United CEO Scott Kirby and President Brett Hart sent a letter to employees saying the airline will restore ‘temporary employment’ to workers who were previously employed with the carrier… American Airlines laid off 9,000 employees and not only is hiring them back but giving them retroactive pay.”
Keep in mind that this generosity only applies to full-time employees. It is not known if sub-contractors will be able to receive these same benefits and get their normal working hours aback.

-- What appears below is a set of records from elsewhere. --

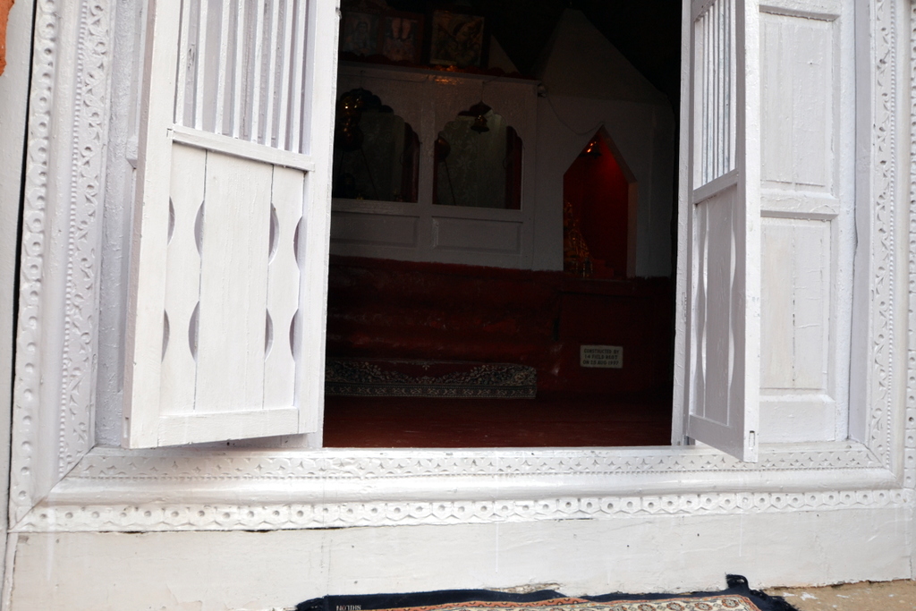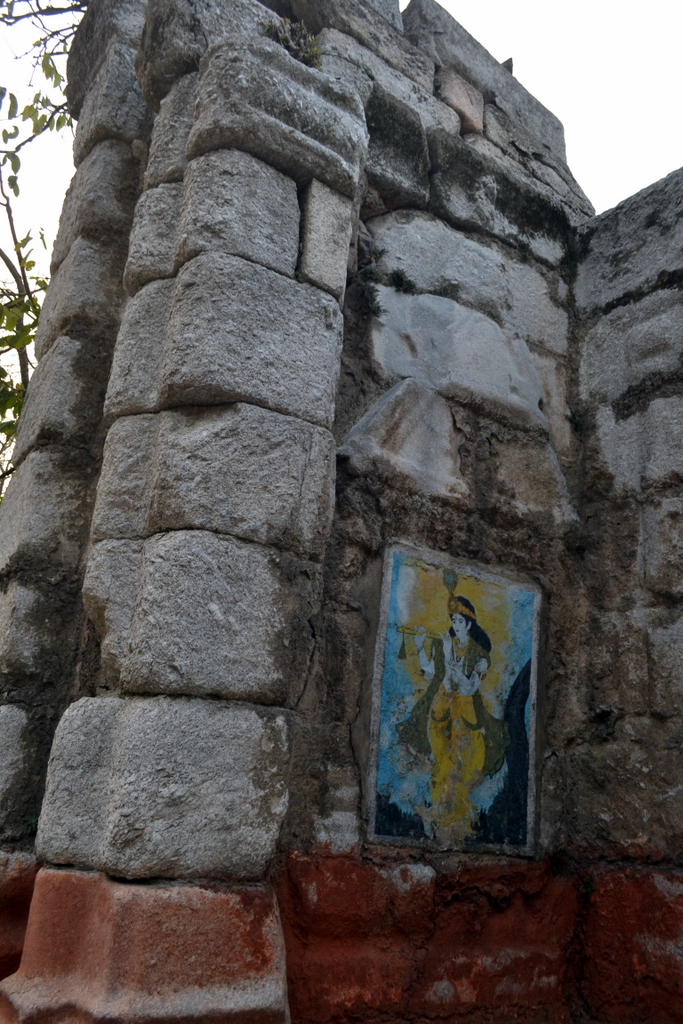 The walls of the colonnade now have crude murals of Hindu deities.
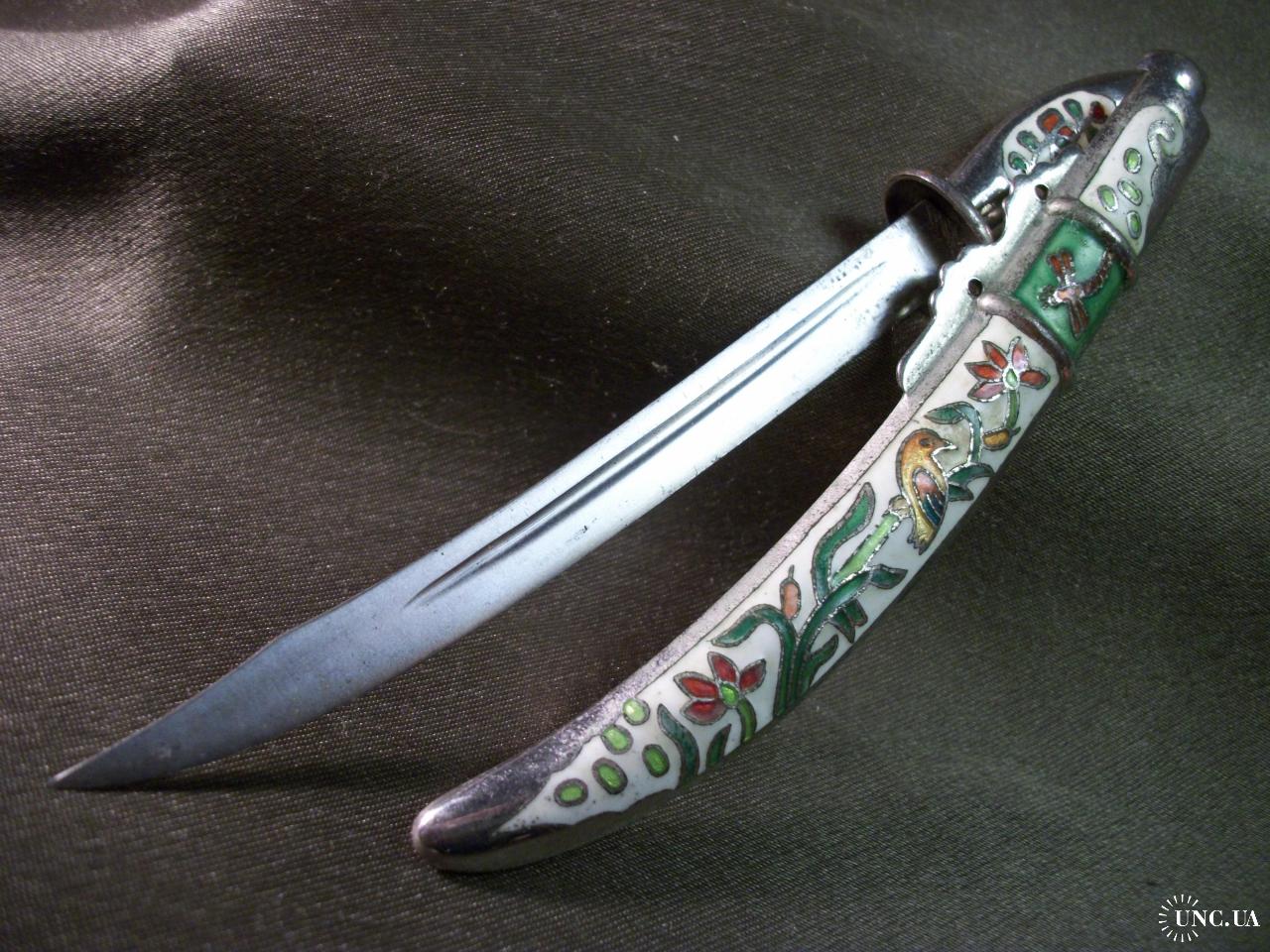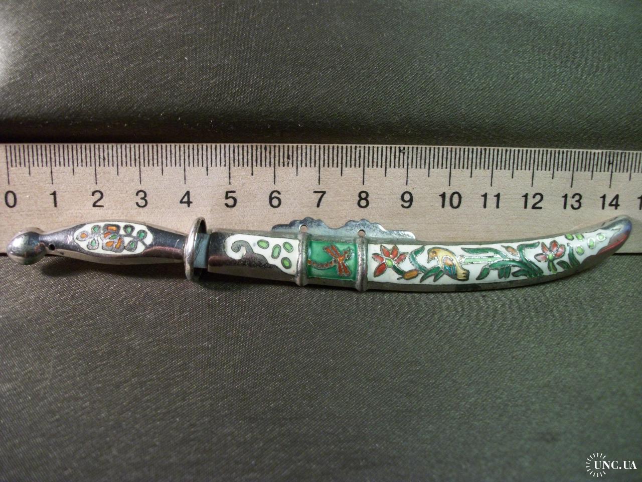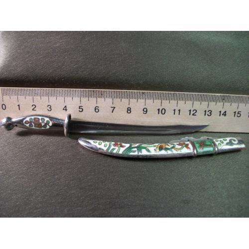 1981-20005.720 Нож для писем, бумаг, конвертов. Эмаль, клуазоне. Ножны из не магнитного металла, лезвие из железа.
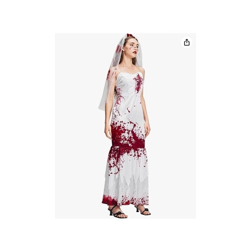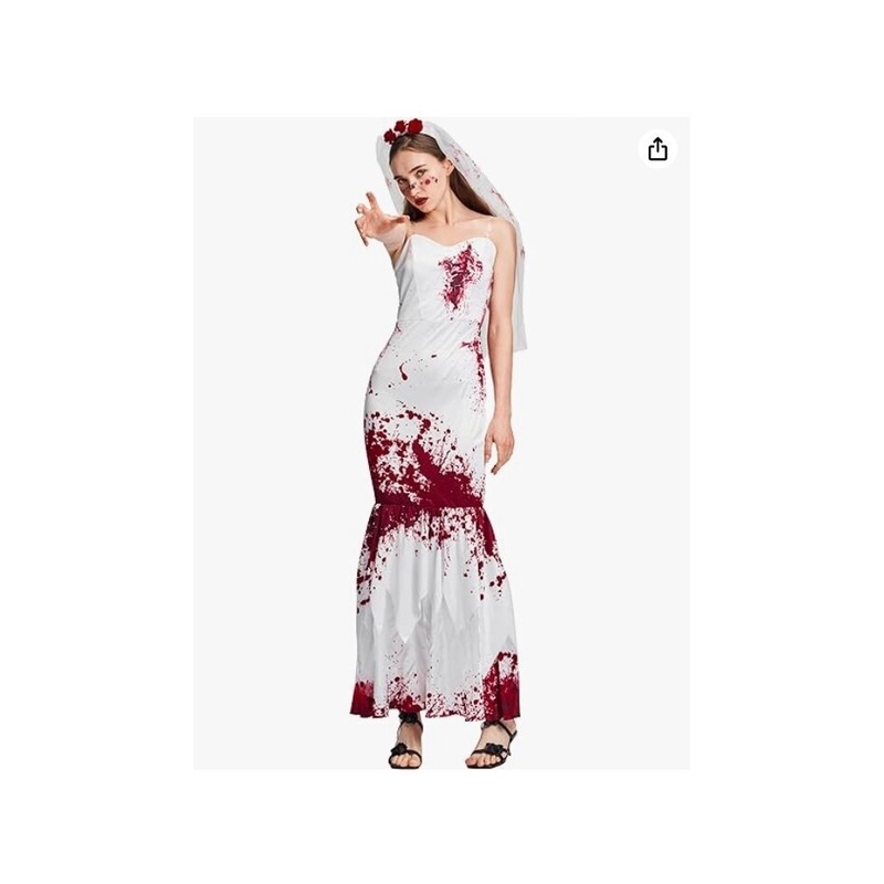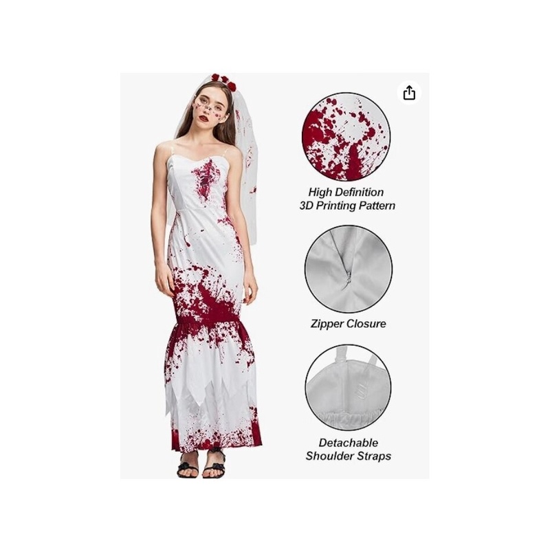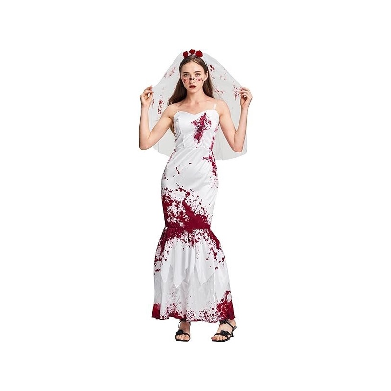Zombie-verimorsiamellamme on kalanhäntämuotoilu, seksikäs ja viehättävä. Suuri veritahra puhtaan valkoisen mekon päällä, verisellä hunnulla, haudasta nousee aavemainen morsian.
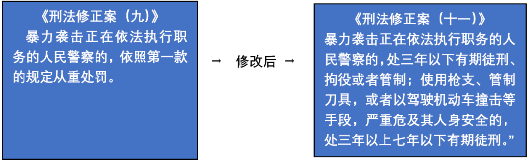 《刑修(十一)》将该款修改为:“暴力袭击正在依法执行职务的人民警察的,处三年以下有期徒刑、拘役或者管制;使用枪支、管制刀具,或者以驾驶机动车撞击等手段,严重危及其人身安全的,处三年以上七年以下有期徒刑。”
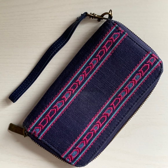 Patterned wallet with zipper closure and inside pockets and wrist strap
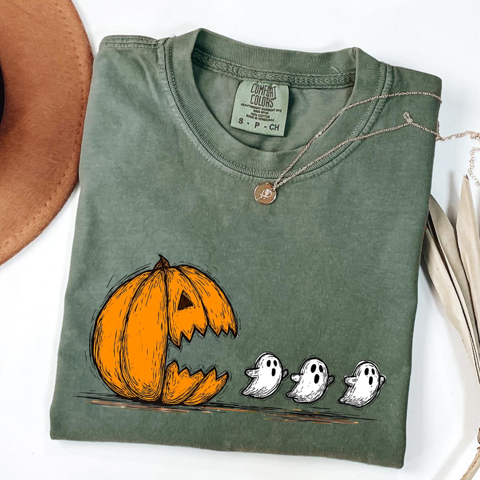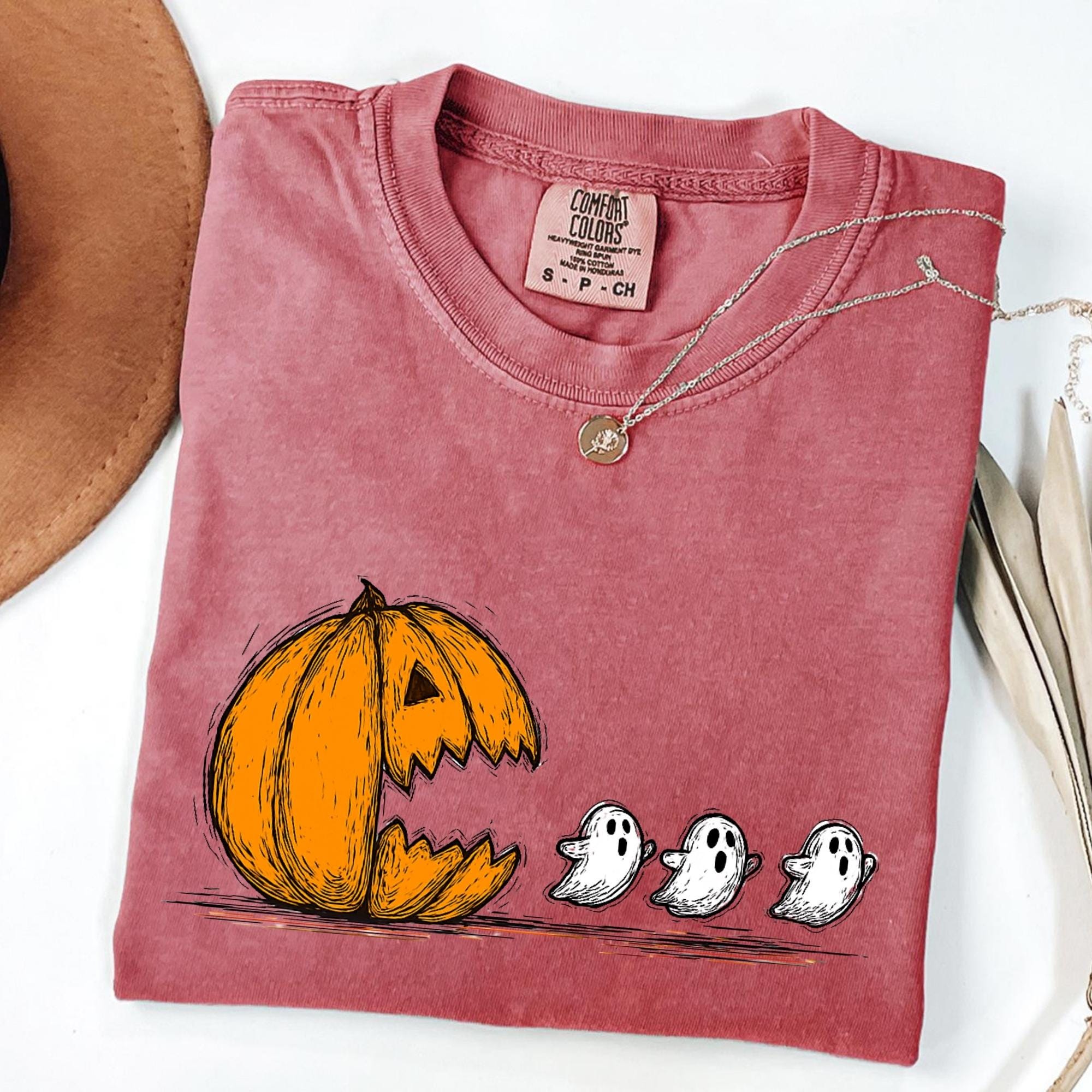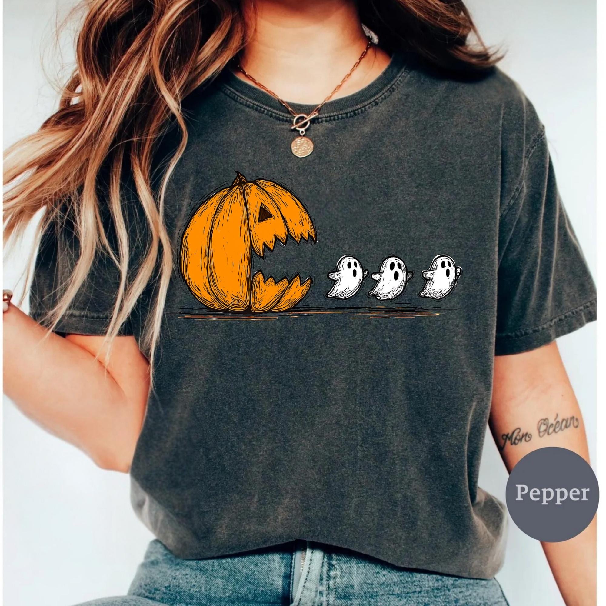 Halloween Pumpkin Eat Ghost Shirt, Funny Halloween Shirt, Halloween Gamer Gift, Halloween Party Tee, Pumpkin Pac Man Shirt, Spooky Ghost Tee

But hey, good news is better than bad news!
Sarasota, Florida: The BEST Place in America to Retire!?
Every year, the “Best Places to Retire in the US” list is released by US News and World Report. It’s the must-read list for anybody nearing retirement age and seeking new grounds to live out the final years of their lives.
This year, Florida appears to be the hotspot for retirement, as just over half of the Top 25 rankings were occupied by one of their cities. And just look at the top four: Sarasota, Fort Myers, Port St. Lucie, and Naples (in that order). If you really want to have your mind blown, the top two cities were the same as the 2019 list!
Travel + Leisure reports with more details on why Sarasota took the #1 spot:
“Sarasota’s beaches, parks, cultural attractions, shops, and restaurants make it popular with visitors as well as residents.
The methodology used in the study factors in health care quality, retiree taxes, desirability, job market ratings, and a happiness measure, based on a public survey of individuals of retirement age and those nearing retirement age.
…Florida’s affordable homes, low taxes, and high ratings for happiness and desirability placed the state at the top of the list. Sarasota’s increases in desirability and job market scores enabled the city to edge out Fort Myers for the first place spot for 2020-2021.”